Rate cuts and a steepening yield curve will help. Also, the financial sector swiftly purges itself of bad businesses and excess capacity — one reason the sector has suffered consecutive bad years only once in the past four decades, and why a down year frequently is followed by double-digit gains the next year, Lee says. He thinks a consensus will emerge in 2008 that financial stocks present investors with the most appealing risk-reward profile.
WHAT ABOUT OTHER MARKET SECTORS? Deutsche Bank Alex. Brown’s Larry Adam likes technology’s global prospects as the world strides toward wireless transmission of voice, data and video. “All those buildings are being built in China, and the next step is to make them more efficient,” he says. The ongoing push to get the world wired spells technology demand.
In addition to benefiting from global growth, technology has no direct exposure to housing. But Bear Stearns’ Golub says that between 20% and 30% of technology spending is tied to the weakening financial sector, and he questions whether that has been considered fully by technology bulls.
Credit Suisse’s Jonathan Morton likes pharmaceutical stocks, despite worries about the political risks to industry profits. Among other things, he says, drug companies have plenty of “self-help potential” — that is, the ability to reduce their sales forces relatively easily, cut costs and take on debt.
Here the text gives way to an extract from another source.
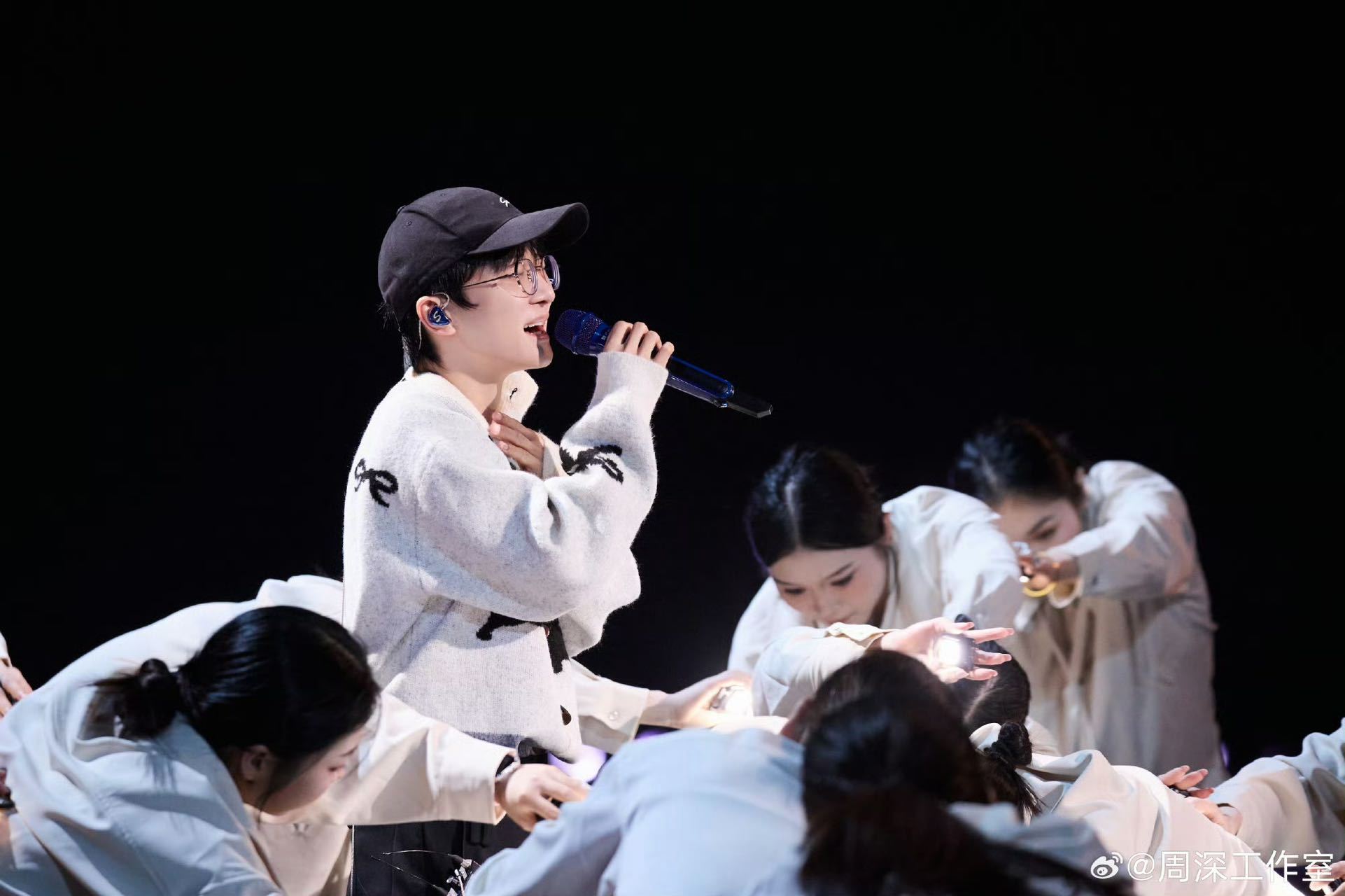 周深你的外套好吵 软乎乎毛绒外套加持,周深彩排模样憨态可掬,简约造型衬得清新气质更出众

By levering their balance sheets to just half the level of the market norm, they could raise enough cash to buy back 10% of the sector’s shares.
Consumer-staples stocks have been a popular refuge in times of market turmoil, but this sector now holds limited appeal for Lehman’s Scott. “Valuations have gotten quite high, and pressures from high raw-material costs may not be as fully considered,” he notes.
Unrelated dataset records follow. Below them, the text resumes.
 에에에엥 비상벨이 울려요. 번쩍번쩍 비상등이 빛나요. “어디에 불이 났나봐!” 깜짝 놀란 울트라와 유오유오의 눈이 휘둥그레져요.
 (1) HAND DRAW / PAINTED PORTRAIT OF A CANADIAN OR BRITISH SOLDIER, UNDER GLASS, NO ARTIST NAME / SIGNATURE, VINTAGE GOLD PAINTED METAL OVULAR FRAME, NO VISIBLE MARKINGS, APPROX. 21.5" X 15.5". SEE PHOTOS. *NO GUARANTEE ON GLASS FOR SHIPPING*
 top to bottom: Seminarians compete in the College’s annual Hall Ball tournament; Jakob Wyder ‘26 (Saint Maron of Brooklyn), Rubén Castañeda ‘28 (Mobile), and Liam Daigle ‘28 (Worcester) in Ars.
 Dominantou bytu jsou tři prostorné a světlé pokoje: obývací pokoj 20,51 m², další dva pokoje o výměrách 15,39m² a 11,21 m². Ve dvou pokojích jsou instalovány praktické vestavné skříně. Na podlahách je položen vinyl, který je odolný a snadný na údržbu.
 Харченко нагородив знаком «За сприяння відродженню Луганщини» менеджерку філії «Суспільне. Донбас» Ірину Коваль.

Barron’s Senior Editor Kopin Tan says the 12 Wall Street strategists he interviewed predicted more rate cuts but no recession in 2008. (Dec. 17)
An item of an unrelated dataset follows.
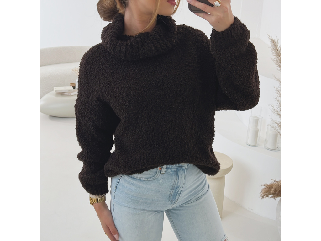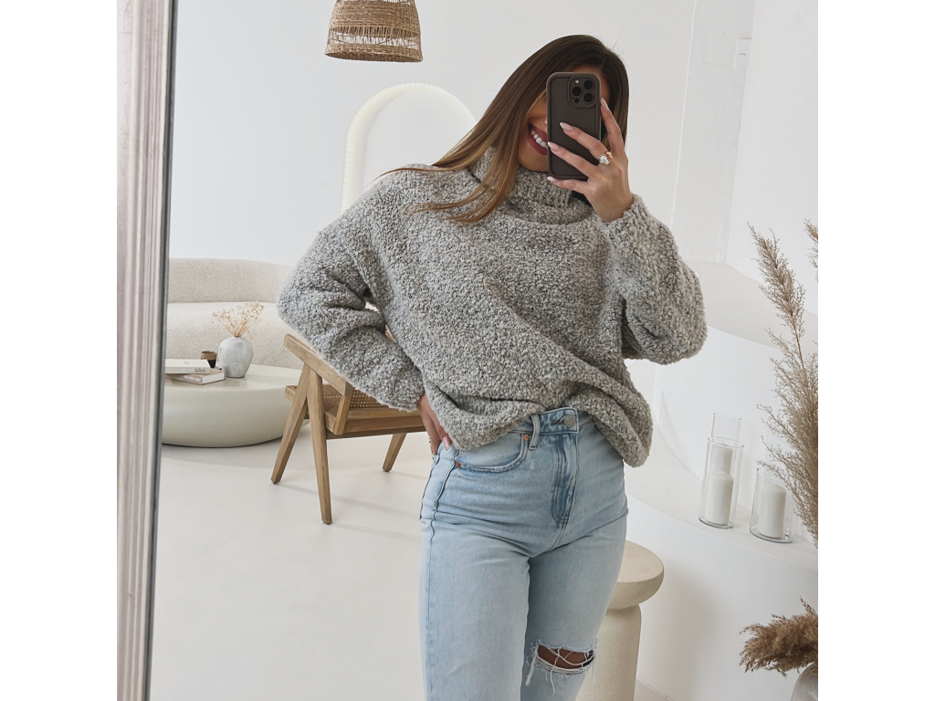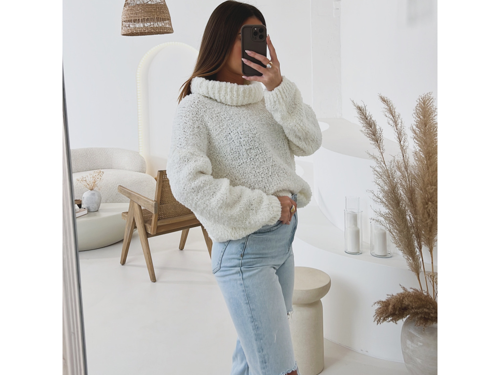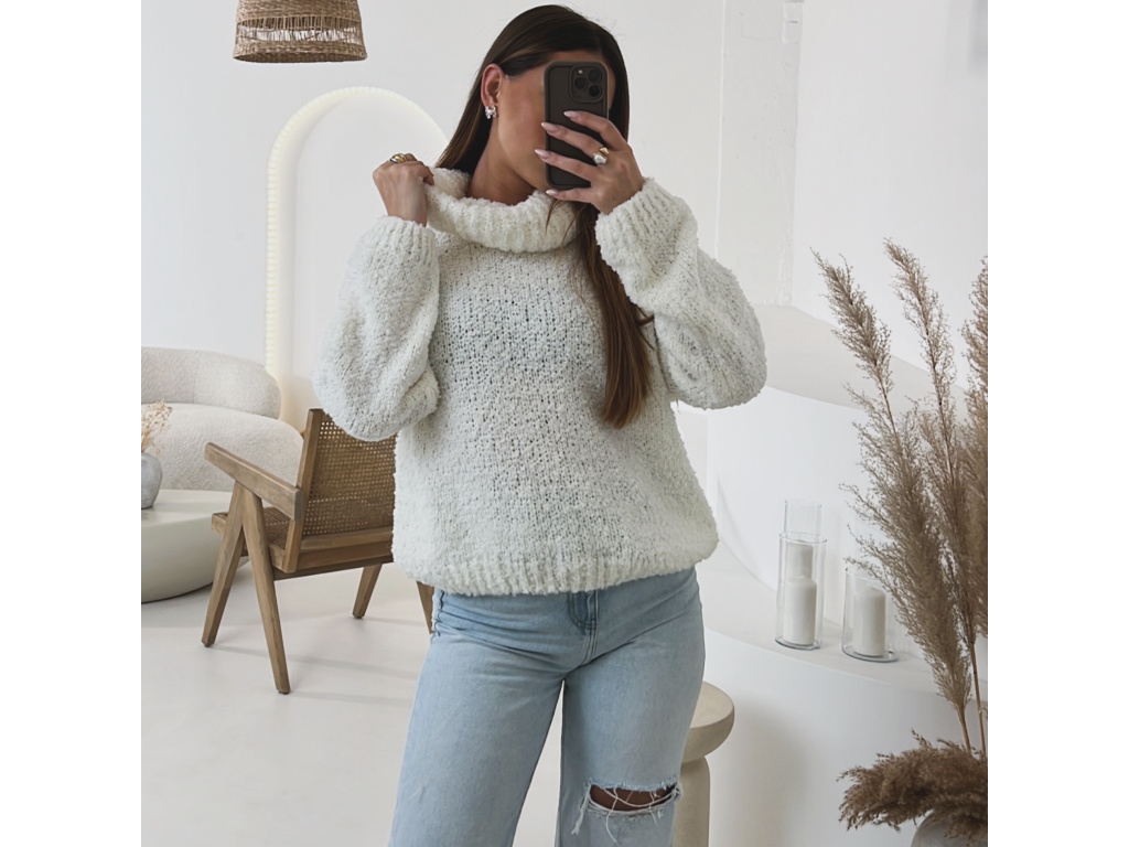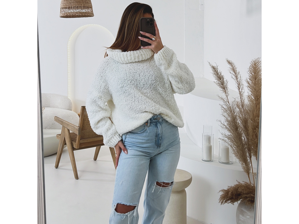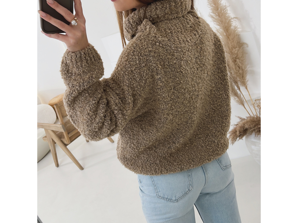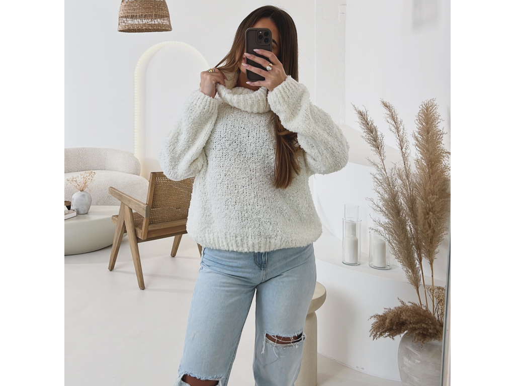 Hřejivý buklé svetr s podílem alpaky a vlny je perfektní volbou pro chladné dny. Je mimořádně měkký, nadýchaný a příjemný na dotek. Dominantou je velký límeček, který dodává svetru styl i extra komfort. Díky pohodlnému střihu se krásně nosí a snadno kombinuje s džínami i sukněmi. Dostupný je hned v pěti nadčasových barvách, aby si každá našla tu svoji.

UBS Securities’ David Bianco advises investors to “think big” by targeting big-cap stocks, companies with international exposure and beneficiaries of global growth.
Too much credence, Bianco says, has been given to the “domino theory,” under which a wobbly housing market supposedly knocks down the overspent U.S. consumer, who trips up the Asian export economy, which triggers a commodity correction that thwarts infrastructure spending. “Each one of these dominos is stronger” than people think, he concludes.
THE U.S. CONSUMER LONG has been fingered as the weakest link in that sequence, which helps explain why the Consumer Discretionary Select SPDR XLY is down 15% from its July peak. But consumer-discretionary stocks rise and fall with oil prices and the Fed’s benchmark interest rate. As both retreat next year, the sector will enjoy a “double boom,” ISI’s Trahan says.
“The consumer is not dead!” declares Citi’s Levkovich. While the decline in home sales and home values has been pernicious, household net worth increased some $18.5 trillion in the past five years, with just $4.4 trillion coming from real-estate gains. What’s more, the richest 20% of Americans drive 40% of the country’s consumer spending, and their outlays are less restrained by rising gasoline prices and higher mortgage rates.
Compared with the average American, the rich also have a smaller portion of their net worth tied up in homes — and more of it invested in the financial markets…..
Yet if Wall Street’s strategists are right about the market, the rich will get richer in 2008, along with most other equity investors. Chances are, the ride won’t be smooth and the direction won’t always be clear — but by now we’re used to that.